Zum ersten Mal seit 22 Jahren steht das deutsche Team wieder im Finale des Fed Cups. Angelique Kerber ist mittendrin - und spricht mit SPOX über Gegner Tschechien, Glückwünsche von Steffi Graf und Parallelen zum Ryder Cup. Außerdem: Ein gemischtes Saisonfazit und ein optimistischer Blick in die Zukunft.
SPOX: Frau Kerber, am Wochenende steht das Fed-Cup-Finale gegen Tschechien an. Wie groß ist die Anspannung?
Angelique Kerber: Ach, wir sind vor allem erst mal sehr stolz, als erste deutsche Mannschaft seit 22 Jahren wieder dabei zu sein. Wir freuen uns alle unglaublich auf das Finale und genießen es, so gut es geht. Und natürlich wollen wir den Pott auch nach Hause bringen. (lacht)
SPOX: Das Finale findet in Tschechien, genauer gesagt in Prag, statt. Ein Nachteil?
Kerber: Natürlich ist es schade, dass wir nicht zuhause spielen können. Aber Prag ist ja nicht Australien, es werden sich bestimmt auch ein paar deutsche Fans auf den Weg machen und uns unterstützen.
SPOX: Ihre Teamchefin Barbara Rittner gewann 1992 den Titel. Nutzt sie ihre Erfahrungen von damals als Motivation?

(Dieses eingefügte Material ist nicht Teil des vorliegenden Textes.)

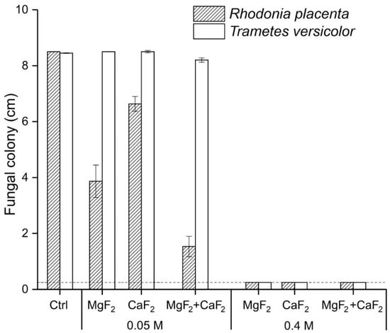 The biocidal efficacy of combination of MgF2 and CaF2 against R. placenta and T. versicolor was demonstrated with an in-vitro agar test. In comparison Cu-amine was reported to have limited protection against T. versicolor in an in-vitro agar test []. Thus, the combination of nano metal fluorides is more biocidal compared to Cu-amine against T. versicolor.

Kerber: Sie hat schon mit uns darüber gesprochen, wie es damals als Spielerin war. Für sie ist es aber gar nicht so einfach, glaube ich...
SPOX: Warum?
Kerber: Nun ja, sie hat jetzt eben eine komplett andere Rolle. Sie trägt die Verantwortung, kann aber nicht richtig selbst eingreifen. Ich glaube, es juckt sie selbst ein bisschen in den Fingern. (lacht)
SPOX: Neben Rittner waren 1992 Anke Huber und Steffi Graf beim Triumph gegen Spanien dabei. Haben sich die beiden auch gemeldet?

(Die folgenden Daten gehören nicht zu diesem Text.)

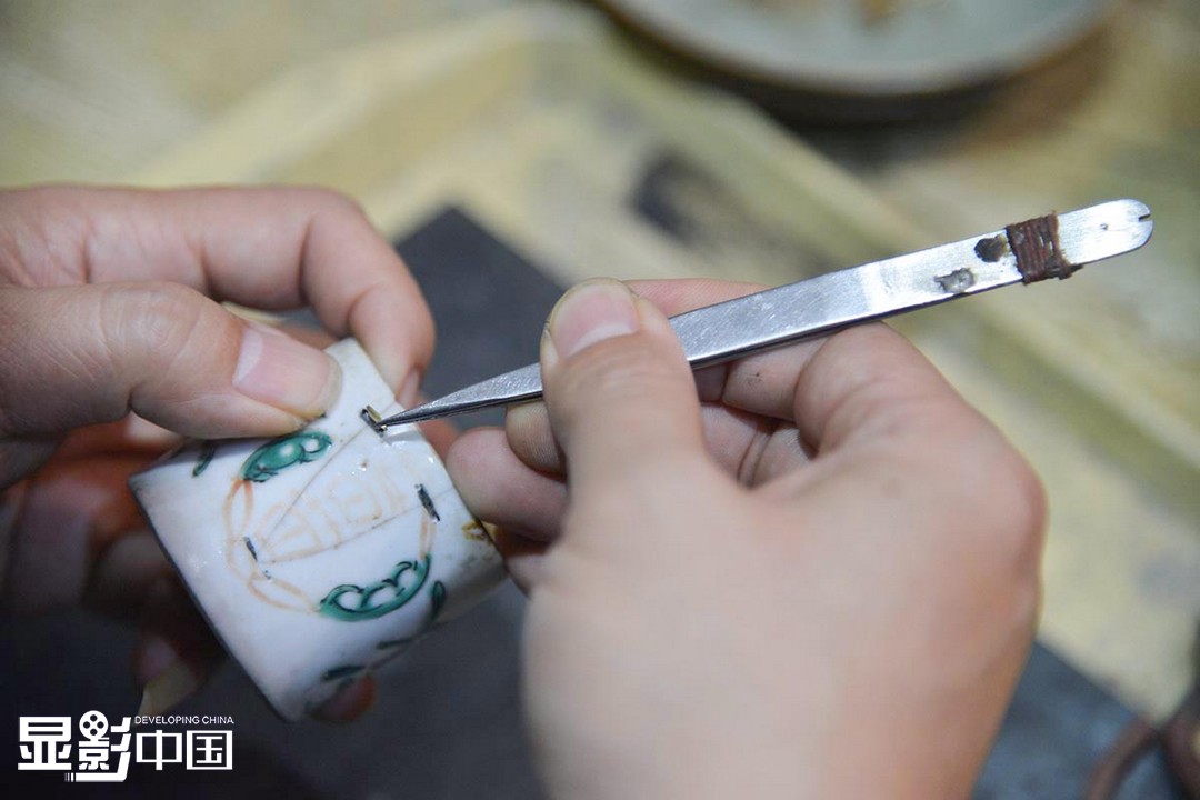 后来,他更多地在一些细节美观度上下功夫。“这些锔钉是经过我艺术加工的。”李军航拿起自己“设计”的作品介绍说。

Kerber: Ja, Anke und Steffi haben uns zwischendurch immer mal wieder unterstützt und uns gratuliert. Steffi hat zum Beispiel direkt nach dem Sieg gegen Australien angerufen. Sie freuen sich und drücken uns die Daumen.
SPOX: Was könnten der Einzug ins Endspiel und ein möglicher Titel im deutschen Tennis auslösen?
Kerber: Es ist auf jeden Fall ein sehr positives Zeichen. Vielleicht wird dadurch auch wieder ein kleiner Hype ausgelöst. Es wäre schön, wenn gerade das Damentennis wieder mehr Aufmerksamkeit bekommen würde. Wir haben so viele gute Spielerinnen, die alles geben und sich aufopfern, das sollte man auch mal würdigen.
SPOX: Was macht den Fed Cup aus Ihrer Sicht besonders?
Kerber: Es ist ganz anders als ein "normales" Turnier. Man spielt in einer Mannschaft, verbringt quasi die komplette Zeit mit den drei anderen Mädels. Man frühstückt und trainiert zusammen, erlebt einfach viele besondere Dinge. Außerdem spielt man für Deutschland, nicht für sich selbst. Alle verfolgen ein gemeinsames Ziel.
SPOX: Kann man das Ganze ein bisschen mit dem Ryder Cup im Golf vergleichen?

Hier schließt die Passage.